# Shawn's plane projects



## ShawnR (Today at 6:55 AM)

In previous posts, I have found there is some interest in aircraft. As I venture into the rebuilding of mine, I thought I might post questions, comments or updates here. I don't know if there will be much machining oriented aspects, but one of the first projects is.
The plane is a "taildragger", small wheel on the back instead of the front. Originally, the tailwheel only pivots side to side a bit. It is connected to the rudder via cables and springs so that when taxiing, directional control is via the rudder pedals and differential braking. But if you need to push the plane backwards, ie, put it into the hangar, or do a 180 degree turn on the spot, the limited rotation of the rear wheel hinders that. A common upgrade is to replace the tailwheel mechanism with a fully rotational one.
It is a kit available from 3rd parties. It requires cutting off of the bar (tail spring) and installing a new tail wheel bracket.

Soooo, the question is...after cutting the spring, I need to put it in the lathe and turn it to fit the new bracket. But it is tapered. The only way I can think of keeping it firm in the chuck is to play around with shims. Or use the spider at the left end of the spindle, if the spring is long enough. Is one of these the way? I included a photo of my tailwheel and the instructions with the kit.


----------



## boilerhouse (Today at 8:12 AM)

Sorry, no help with your questions, but, any photos and specs on the plane itself.  It looks like an interesting project.


----------



## phaxtris (Today at 8:19 AM)

Is this an F1 rocket?

You could machine 3 or 4 shims depending on the chuck you want to use with an opposing taper so that the jaws of your chuck see a nice flat surface and get a nice clamp

Might need some kind of collar to prevent the machining forces from pushing the taper out of the shims

Or carefully drill centers and turn btwn centers

Those are my thoughts


----------



## Darren (Today at 8:53 AM)

machine your own tapered or even stepped collet , or tapered sleeve with a draw bolt arrangement?


----------



## Janger (Today at 10:31 AM)

One way is with soft jaws for the chuck often made of aluminum.
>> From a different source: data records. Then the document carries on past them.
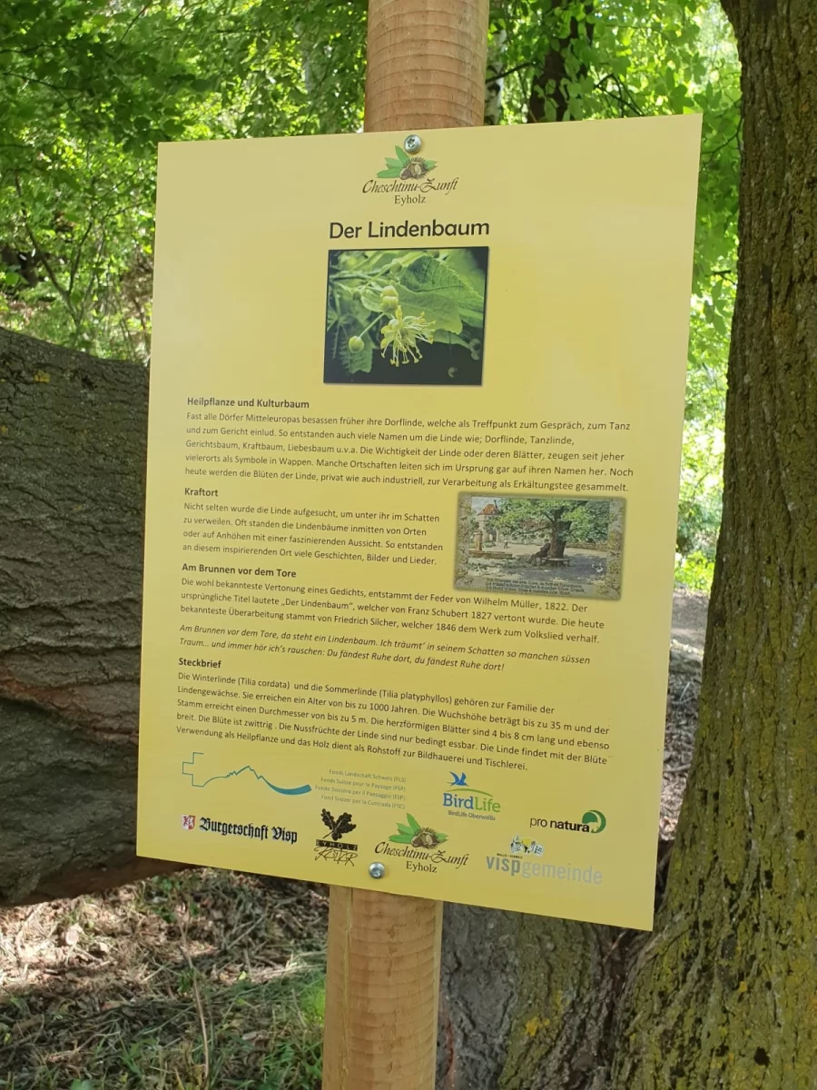 Zur Pflege der Kastanienselve wurden neue Wege erstellt. Diese wurden nun beschildert. Wanderer werden auf den bestehenden Wasserleiten (Visperi, Niwa und Eyholzeri) mit Wegweisern zu einem 30-minütigen Rundweg eingeladen. Die Zunft hat auch neue Bänke zum Verweilen erstellt. Einzelne Bäume wurden beschriftet. Es wurden auch Vogelnistplätze eingerichtet. Für Gross und Klein eine idealer Spaziergang im Wald.
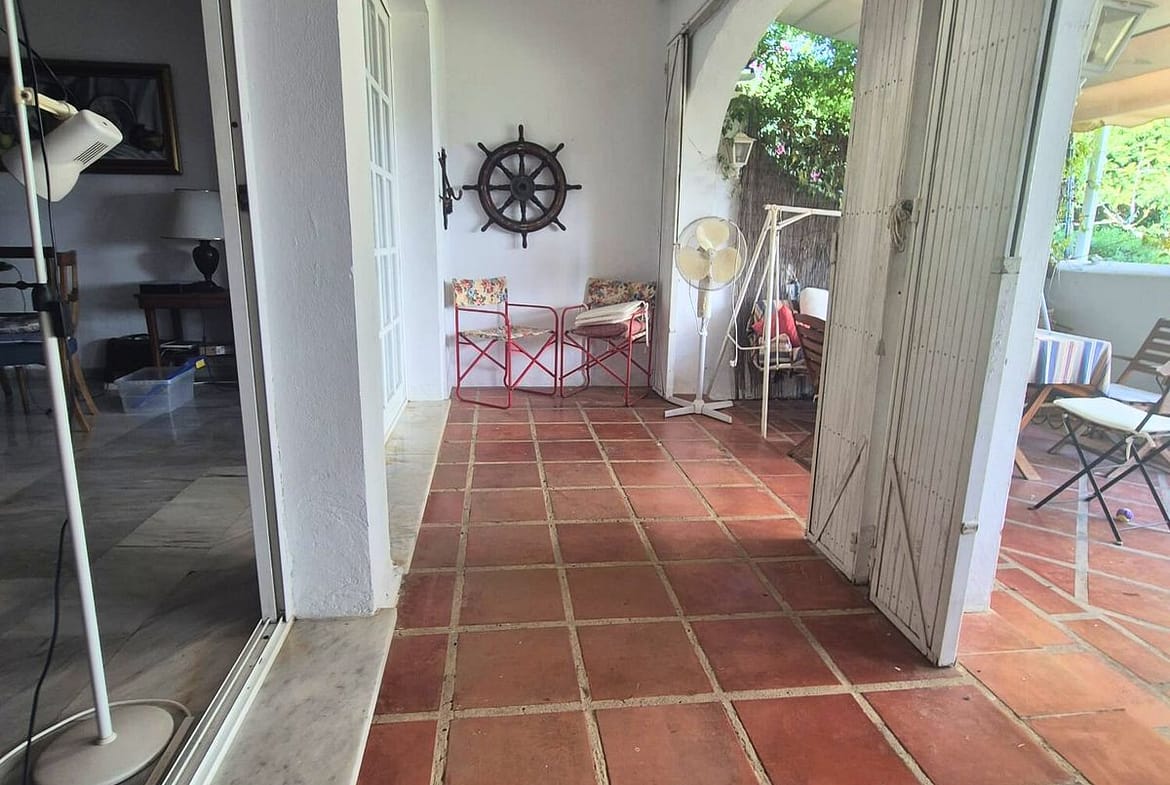 Upon entering the property, you are welcomed by a private terrace with a small storage area. Once inside, to the right there is a storage room, and to the left, a fully equipped independent kitchen with laundry area and a bathroom. Ahead, a large living room with fireplace invites you to enjoy cosy moments, opening onto a generous terrace and small porch that lead to the large communal garden, where, to the right, you’ll find direct access to the communal swimming pool.
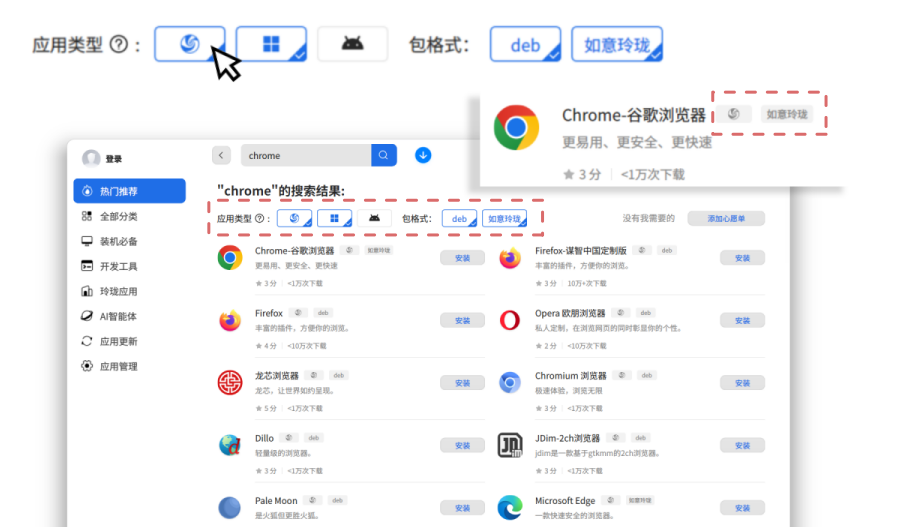 应用搜索列表增加包格式标识:展示更直观,筛选更精准
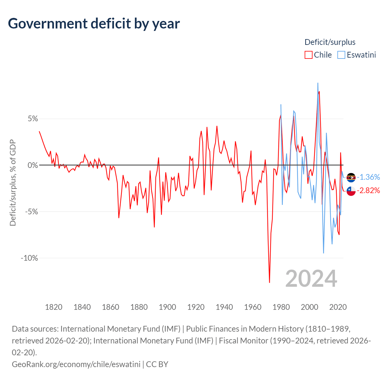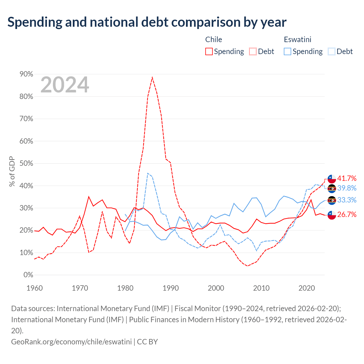 Chile has $138B in government debt (41.7% of GDP), compared to $1.93B (39.8% of GDP) in Eswatini.
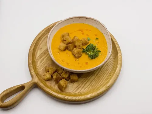 Суп-пюре из кабачка, болгарского перца, моркови и картофеля, сваренный на курином бульоне, подается с пшеничными гренками.

You machine the jaws to fit the taper.


----------



## PeterT (Today at 11:03 AM)

I'm not a full size plane nut, but there seem to be many examples of some kind of captive 'shoe' assembly that the tailwheel assembly fits into for this kind of moving around purpose. Most have a pivoting dolly/skate type rotation axis to make it maneuverable. Could you come up with a simpler/lighter duty version similar to these to save cutting into your gear? Not sure if the gear tubing alloy or shape is special in terms of providing the right amount of spring & control, but another consideration.


----------



## ShawnR (Today at 11:46 AM)

boilerhouse said:


> Sorry, no help with your questions, but, any photos and specs on the plane itself.  It looks like an interesting project.











						Hangar door suggestions
					

Hi all It has been a busy summer and not much metal related going on so I have not been around much. But a project has come up (still only fringing on metal related) that I was hoping to find input for. With the myriad amount of diversified talent on this forum, I think I have a good chance of...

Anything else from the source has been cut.